WALKER: And I knew that there was a gun at my neck, at my back. Like, it was just clear.

CAIOLA: Neuroscientists and psychologists say it's common for trauma survivors to have gaps in their recall of a violent event, and for some details to return to them weeks and months later. It's related to the way their brains lay down memory during an assault. But if police officers don't know that, they may assume a survivor is making something up. And experts say officers make that assumption more often with sexual assaults than other crimes. Harvard University psychologist Jim Hopper provides testimony in rape cases. And he says rape survivors undergo high levels of stress similar to what someone might experience in combat.

JIM HOPPER: We would never question the credibility of a soldier based on whether they can remember the exact sequence of those mortars coming in and which one, you know, blew off their friend's leg versus, you know, blew off that guy's arm. Would we expect them to remember everything in great detail? No.

CAIOLA: He says when confronted with a threat, the brain's defense circuitry takes over. That shifts it into survival mode, which causes someone to fight, flee or freeze. Annie Walker says the night she was raped, that's exactly how she reacted.

WALKER: I felt, like, paralyzed. Like, I couldn't even, like, feel, like, my limbs.

CAIOLA: In moments of severe stress, Hopper says the brain might only take in information that's critical to survival. For example, a rape victim might remember a hand grabbing their neck but forget what the attacker was wearing. And unfortunately, what someone remembers and what a detective needs to build a case don't always line up. Walker says the Sacramento detective she worked with put a lot of pressure on her to produce details right away.

WALKER: I remember I just kept saying, I don't know. I don't know. I don't know. Or, I mean, I think I might have said, like, I don't know, blue jeans, maybe. Like, I just felt like - I almost felt like I had to, like, say something.

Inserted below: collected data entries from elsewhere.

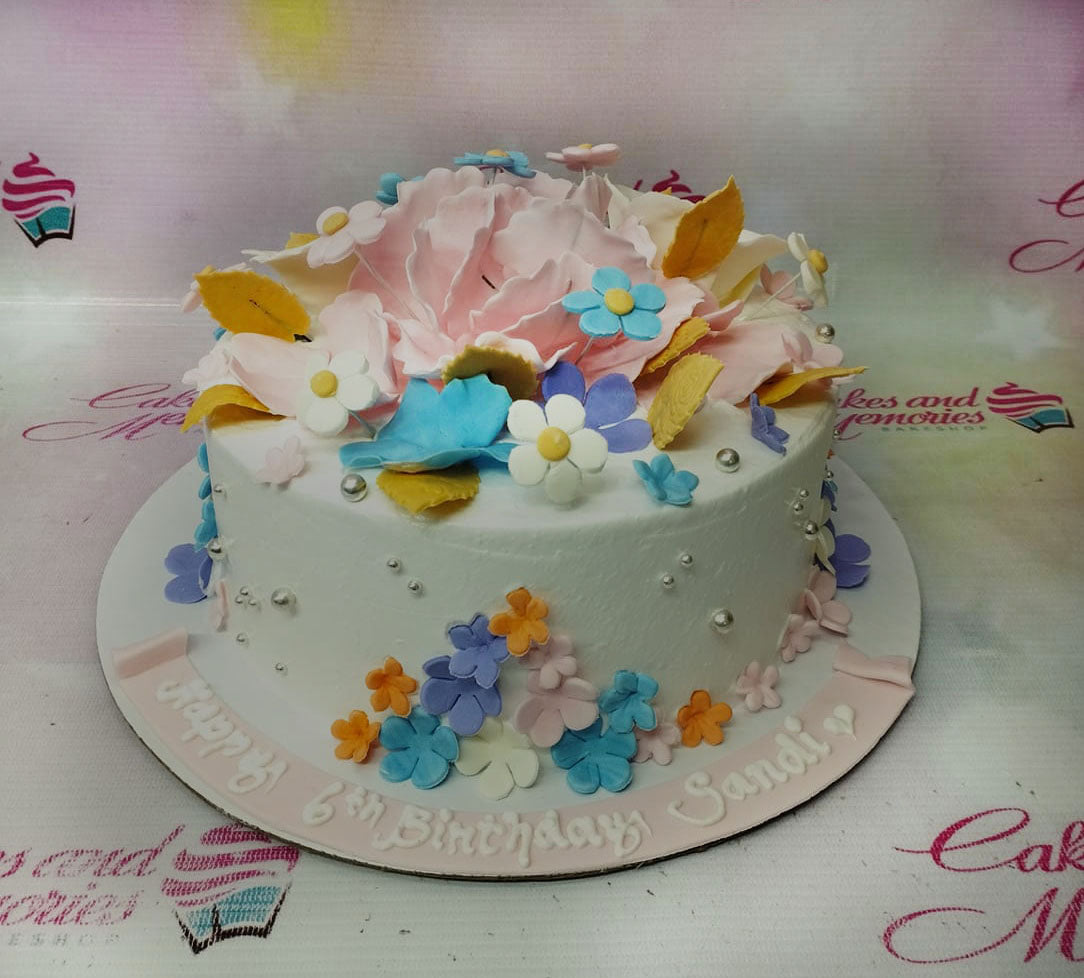 White round birthday cake decorated with pink, blue, and purple gumpaste flowers and silver dragees with a pink message ribbon.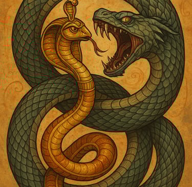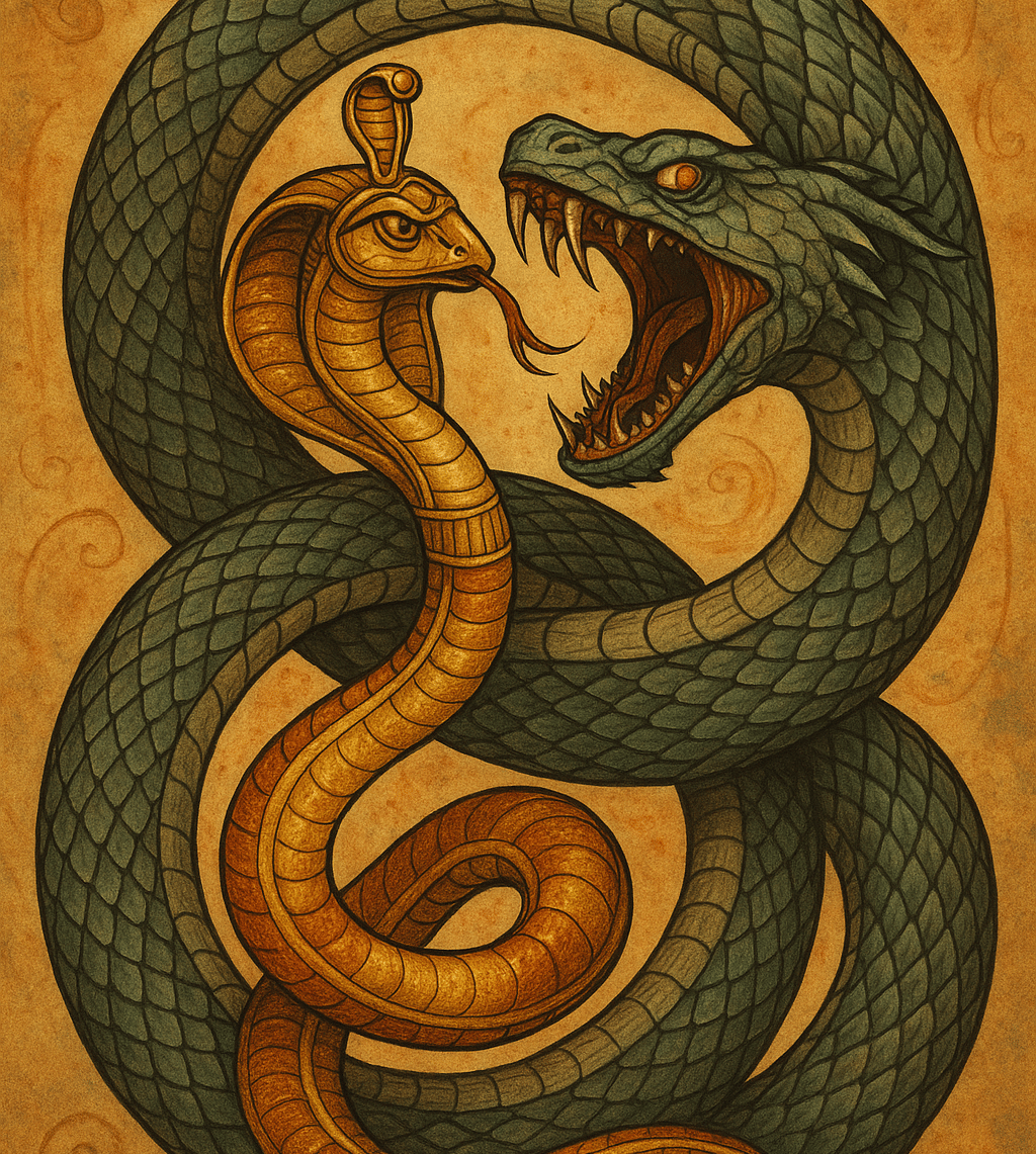 No myth is without its serpent. The Norse have Jörmungandr, vast enough to choke oceans. Egypt birthed Apophis, chaos incarnate, forever threatening Ra’s passage through the night. Cleopatra herself wore Uraeus at her brow, the rearing cobra of divine rule.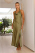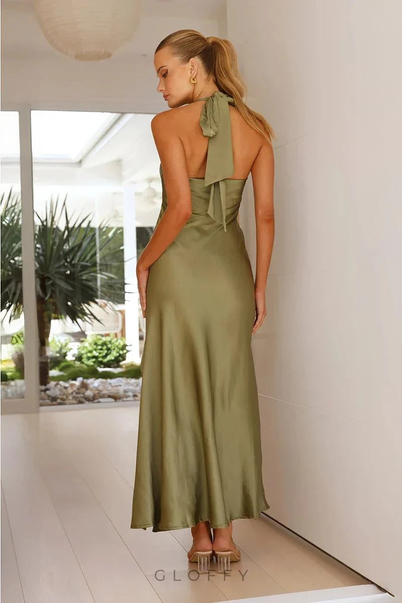 Sofistikeliğin gerçek bir vücut bulmuş hali olan Sian Elbisemizle akşam tarzınızı yükseltin. Arkasında kravat detayı ve lüks dekolte yakasıyla yular tarzına sahip bu elbise zarafet yayıyor. Saten görünümlü malzeme cazibesini artırırken yandan bölme, klasik maksimum uzunluğa cazibeli bir dokunuş katıyor.

CAIOLA: And Walker says they gave her a hard time when she remembered the gun more than a week after the attack.

WALKER: Yeah. I feel like I was just extremely, like, cross-examined on the phone. Like, why didn't you remember a gun? That's, like, a really important thing. And, like, I couldn't explain why I couldn't remember things that had happened or why they were coming back to me the way that they did.

CAIOLA: Criminal justice scholars say police officers need to be more aware of how trauma affects the brain and be patient with survivors. And in some departments, officers are learning to use the science in how they approach rape cases. Detective Nicole Monroe is with the Elk Grove Police Department in a suburb of Sacramento.

NICOLE MONROE: I will always tell the people that I interview, hey - especially if it's fresh - you're going to remember things for who knows how long. Bits and pieces will come back. Smells will come back. Sights will come back. When you think of these things, give me a call and let me know.

CAIOLA: Police may also be able to draw more details out of survivors if they change the way they ask questions. Carrie Hull used to be a police detective who investigated rapes. Now she's a consultant and teaches law enforcement officers how to be prepared for the memory gaps involved in trauma.

CARRIE HULL: We really view it as important and as needing of expertise as, like, your SWAT team.

CAIOLA: She says officers who can avoid leading questions and allow survivors to provide the information they do know might do better at bringing rapists to justice. There isn't research yet proving that's true. But multiple experts say this is a best practice that can reduce the harm that can happen when survivors report and aren't interviewed skillfully. For Annie Walker, she says it would have made a huge difference if an officer had told her it was OK to not remember everything right away and that survivors need that assurance.

WALKER: They need to feel like the way that things are happening in their mind is, like, normal for them, I guess, you know?

CAIOLA: Walker's case was never forwarded to the district attorney's office. It's been more than two years since the assaults. And she's still trying to heal from the rape and how police treated her.

For NPR News, I'm Sammy Caiola in Sacramento.


FADEL: This story comes from NPR's partnership with CapRadio and Kaiser Health News.